How Did the COVID-19 Crisis Affect Different Types of Workers in the Developing World?

9 February 2024 13:33

How Did the COVID-19 Crisis Affect Different Types of Workers in the Developing World?

The paper titled "How Did the COVID-19 Crisis Affect Different Types of Workers in the Developing World?" by Maurice Kugler, Mariana Viollaz, Daniel Duque, Isis Gaddis, David Newhouse, Amparo Palacios-Lopez and Michael Weber has been published in World Development.

Abstract

This paper examines how the COVID-19 pandemic affected the employment of different groups of workers across 40 mostly low and middle-income countries. Employment outcomes during the crisis are tracked through high-frequency phone surveys conducted by the World Bank and national statistics offices. Our results show that larger shares of female, young, less educated, and urban workers stopped working at the beginning of the pandemic. Gender gaps in work stoppage stemmed mainly from gender differences within sectors rather than differential employment patterns of men and women across sectors. Differences in work stoppage between urban and rural workers were markedly smaller than those across gender, age, and education groups.
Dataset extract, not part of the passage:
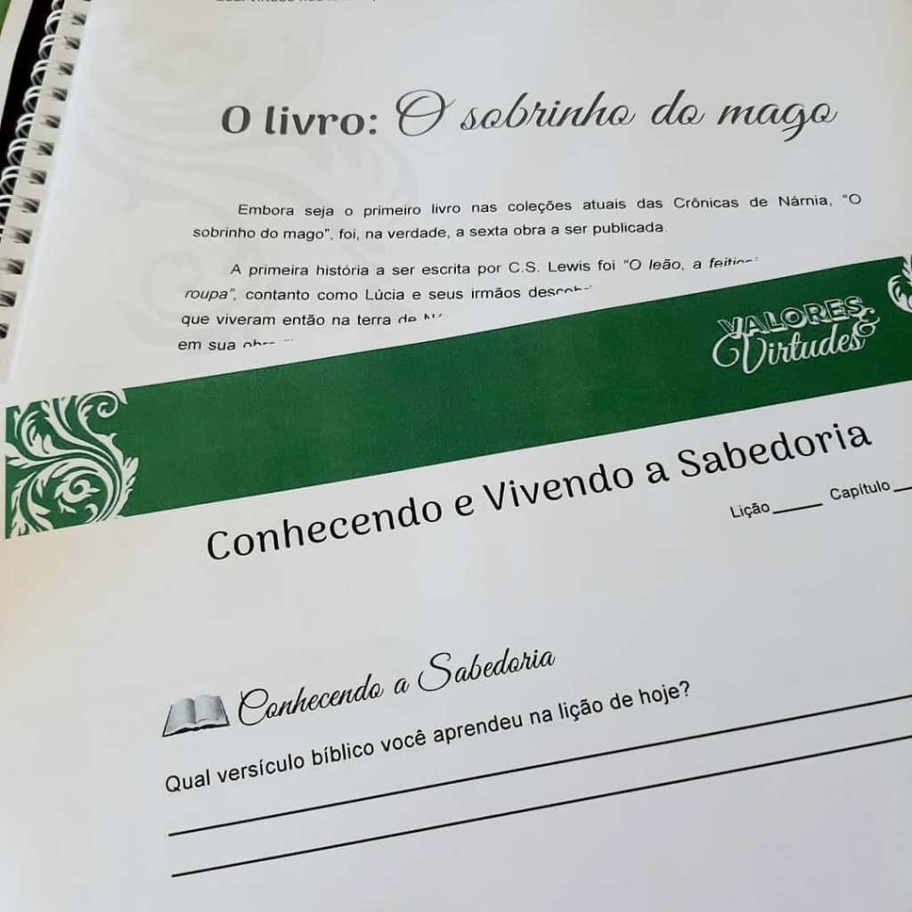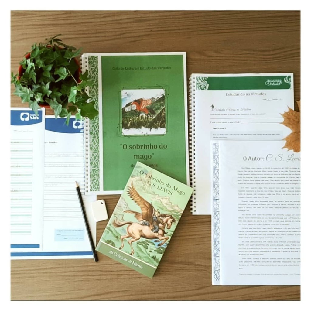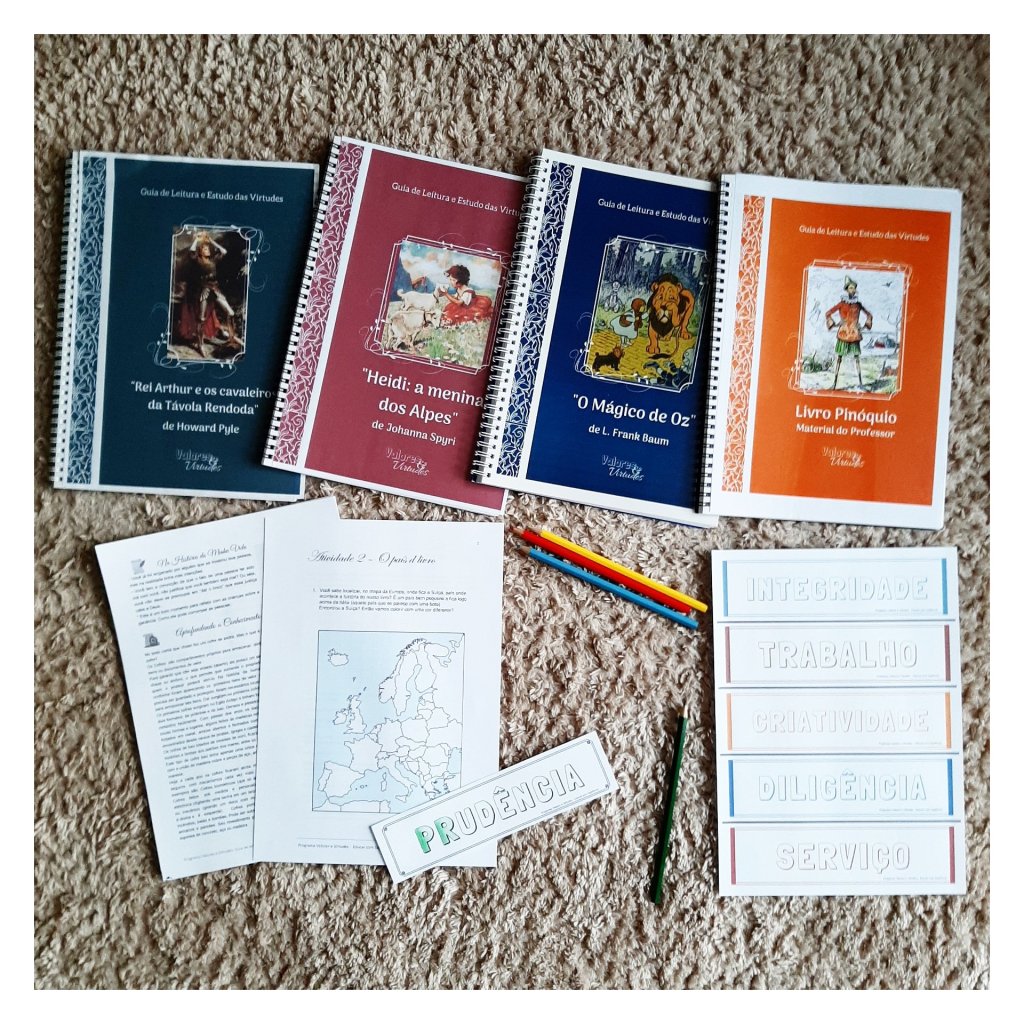 3. Um material do Programa Valores e Virtudes (aqui você pode escolher uma opção: A) Estudo das Virtudes Volume 1, B) Estudo das Virtudes Volume 2, C) material do Pinóquio, D) material da Heidi, E) material O mágico de Oz, F) material O Rei Arthur, G) material O jovem fazendeiro, H) material O leão, a feiticeira e o guarda-roupa.
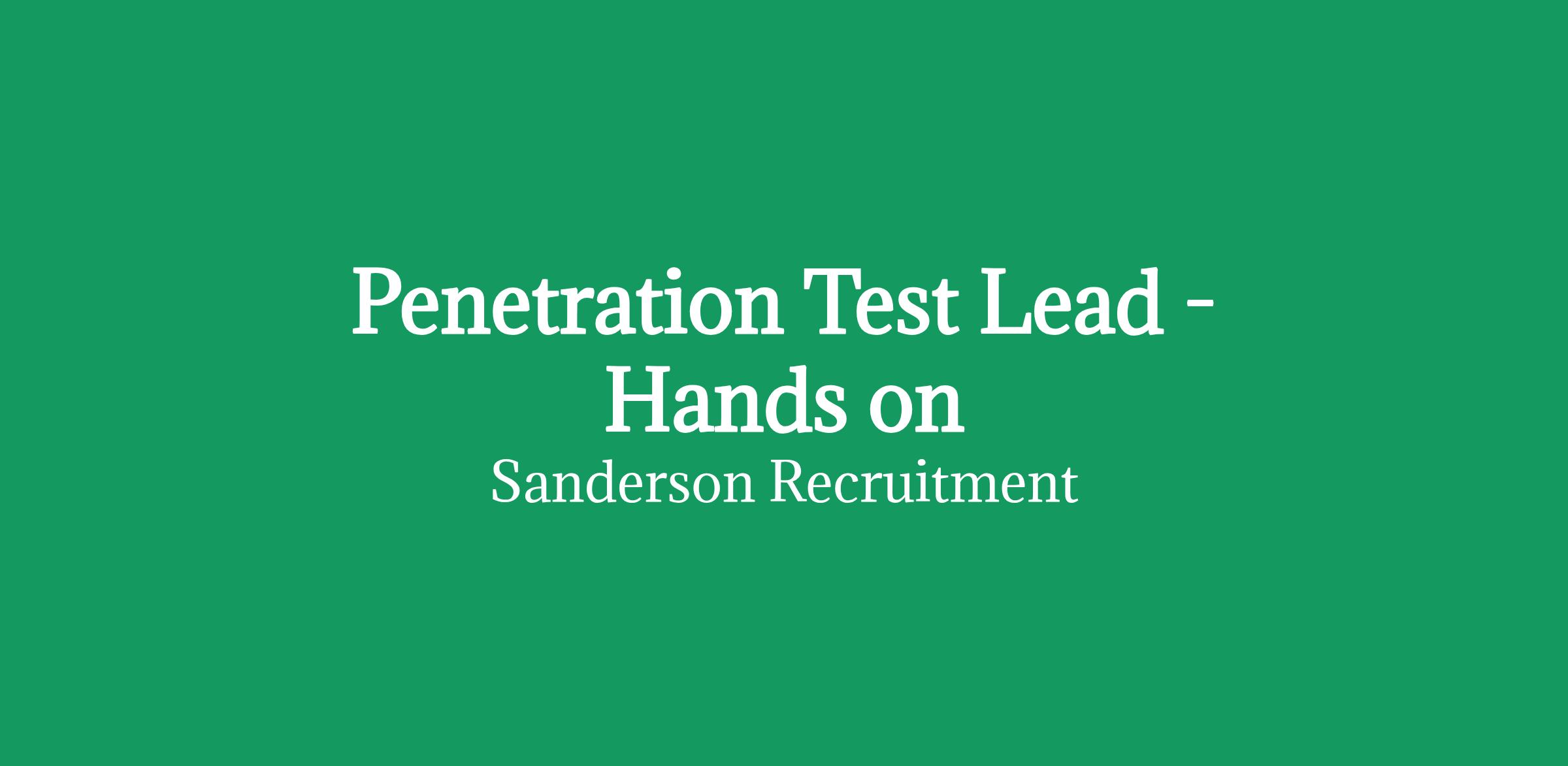 Penetration Test Lead - Hands on

Preliminary results from 10 countries suggest that following the initial shock at the start of the pandemic, employment rates partially recovered between April and August 2020, with greater gains for those groups that had borne the brunt of the early jobs losses. Although the high-frequency phone surveys over-represent household heads and therefore overestimate employment rates, a validation exercise for five countries suggests that they provide a reasonably accurate measure of disparities in employment levels by gender, education, and urban/rural location following the onset of the crisis, although they perform less well in capturing disparities between age groups. These results shed new light on the distributional labor market consequences of the COVID-19 crisis in developing countries, and suggest that real-time phone surveys, despite their lack of representativeness, are a valuable source of information to measure differential employment impacts across groups during an unfolding crisis.